## WORK ORDER
Leaving out all pictures, reproduce the entries below exactly, from the first line through the line that contains "Esta casa se".

## EXTRACTED DATA

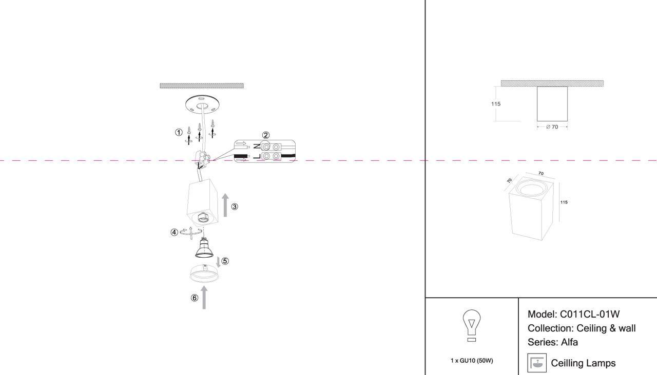 - Место установки: на потолок
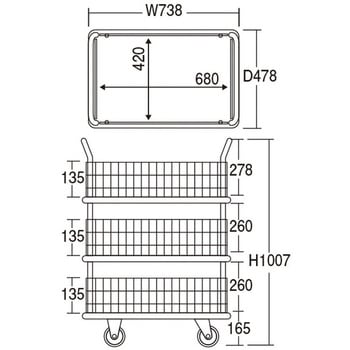 シズかるスーパー三段式ワゴン台車・コボレ止め金網付き・フットブレーキなし
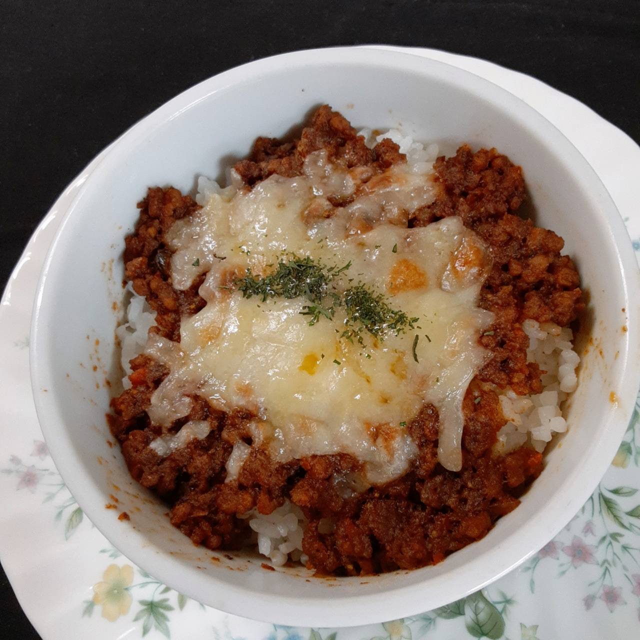 カレーをごはんにのせてチーズをトッピングしてからオーブンで焼くだけで、簡単に薬膳キーマカレードリアが完成😊🧀
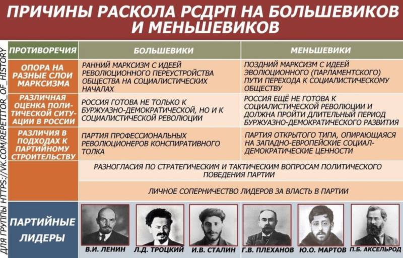 Кратко о большевиках и меньшевиках расскажет эта таблица:
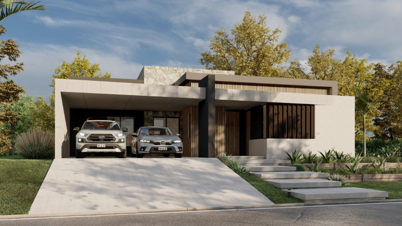 Esta casa se destaca por su estilo moderno con hormigón a la vista, detalles de categoría y ambientes amplios, pensados para el confort y la vida en familia.
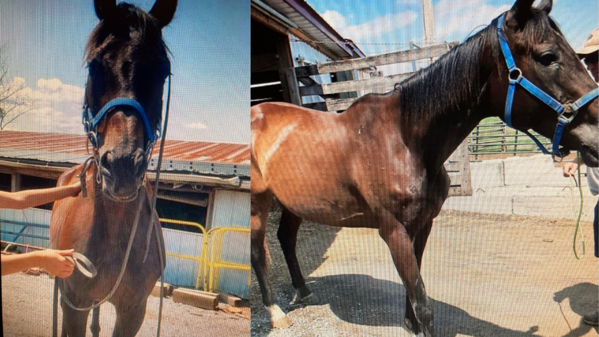 “This is yet another example where those responsible for starving and neglecting their horses are rewarded for their bad behavior by selling them to slaughter and making money, rather than being fined and charged with animal abuse,” said Equine Advocates President Susan Wagner. “I hope that we can find out how this horse ended up in a kill pen. CJ had a high fever when he got to quarantine which has since been reduced to normal after receiving two shots of strong antibiotics. It is also apparent that he has not received dental care in a very long time since his grain falls from his mouth as he tries to chew it. His feet and hooves have also been severely neglected. Our hope is that all the health issues he has will be diagnosed before he gets here so that he can be treated for them and continue down the road to recovery.”
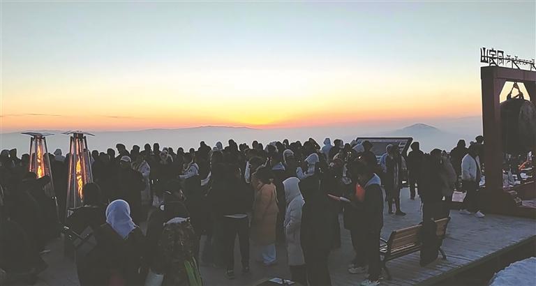 在同寶山頂穿羽絨服看日出、吃火鍋、放煙花,成為年輕人冬日歡度周末的新方式。張進(jìn)娥 攝
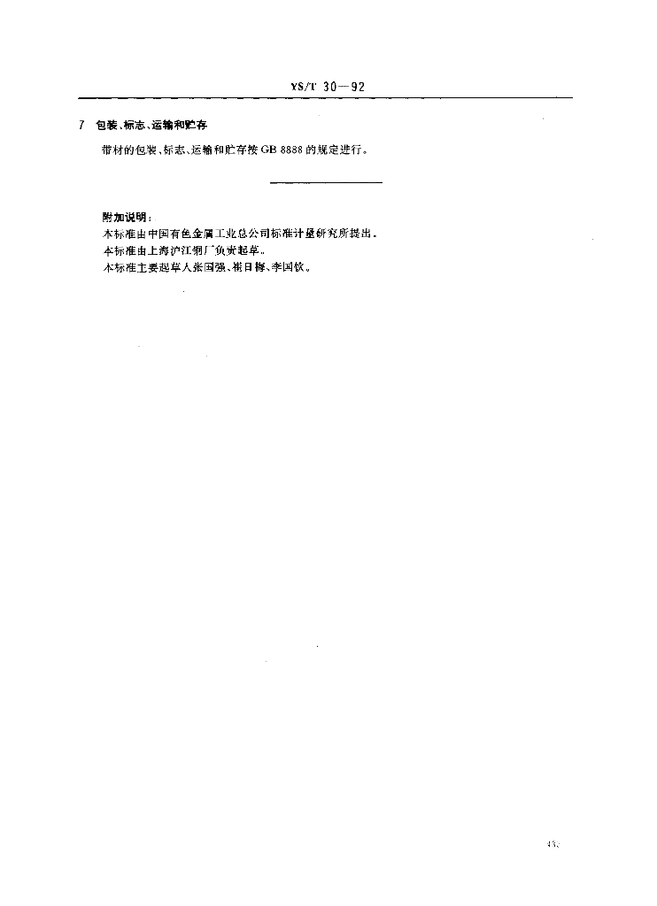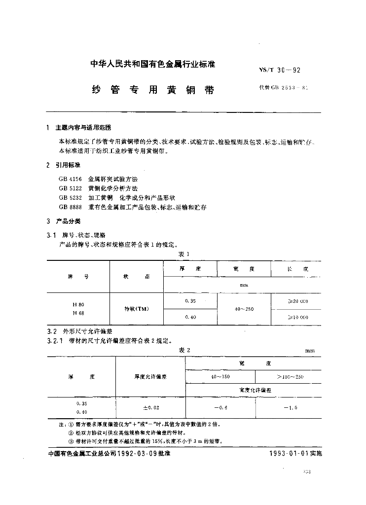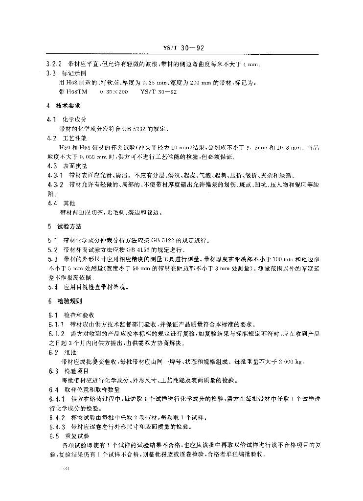 YS/T 30-1992 纱管专用黄铜带
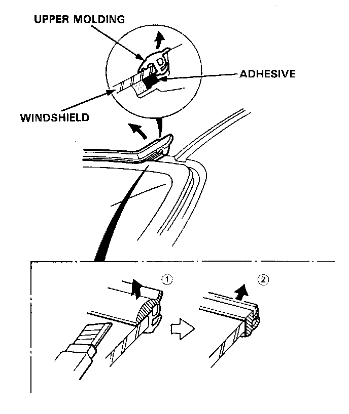 NOTE: When the upper molding removal is difficult, cut the upper rubber portion (J) off, then cut the side rubber portion.
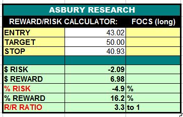 Table 1 below shows that considering the aforementioned upside target and a protective stop placed below the $40.93 area, a long entry price of $43.02 would provide a 1:3.3 risk/reward ratio (risking $1.00 to make $3.30) with an initial risk of 4.9%.
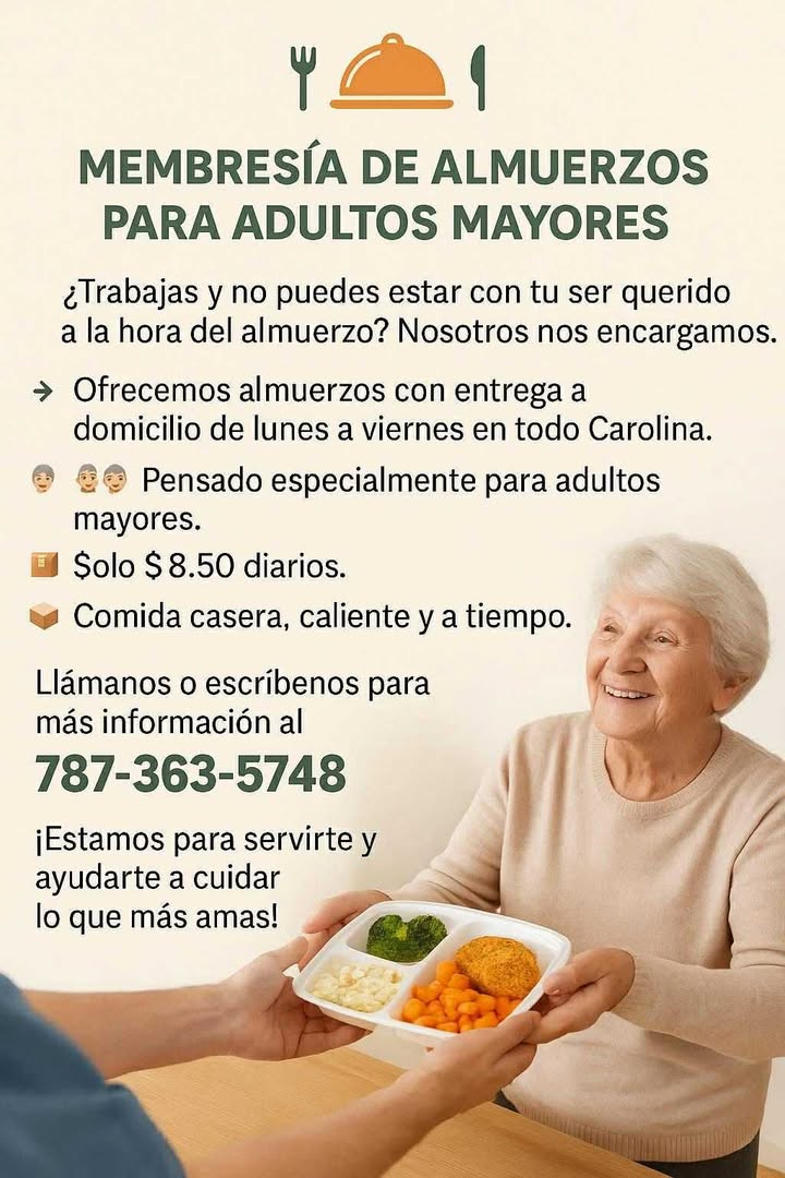 Ofrecemos almuerzos con entrega a domicilio de lunes a viernes en todo Carolina.

## SOLUTION FOR THIS PROBLEM
 - Место установки: на потолок
 シズかるスーパー三段式ワゴン台車・コボレ止め金網付き・フットブレーキなし
 カレーをごはんにのせてチーズをトッピングしてからオーブンで焼くだけで、簡単に薬膳キーマカレードリアが完成😊🧀
 Кратко о большевиках и меньшевиках расскажет эта таблица:
 Esta casa se destaca por su estilo moderno con hormigón a la vista, detalles de categoría y ambientes amplios, pensados para el confort y la vida en familia.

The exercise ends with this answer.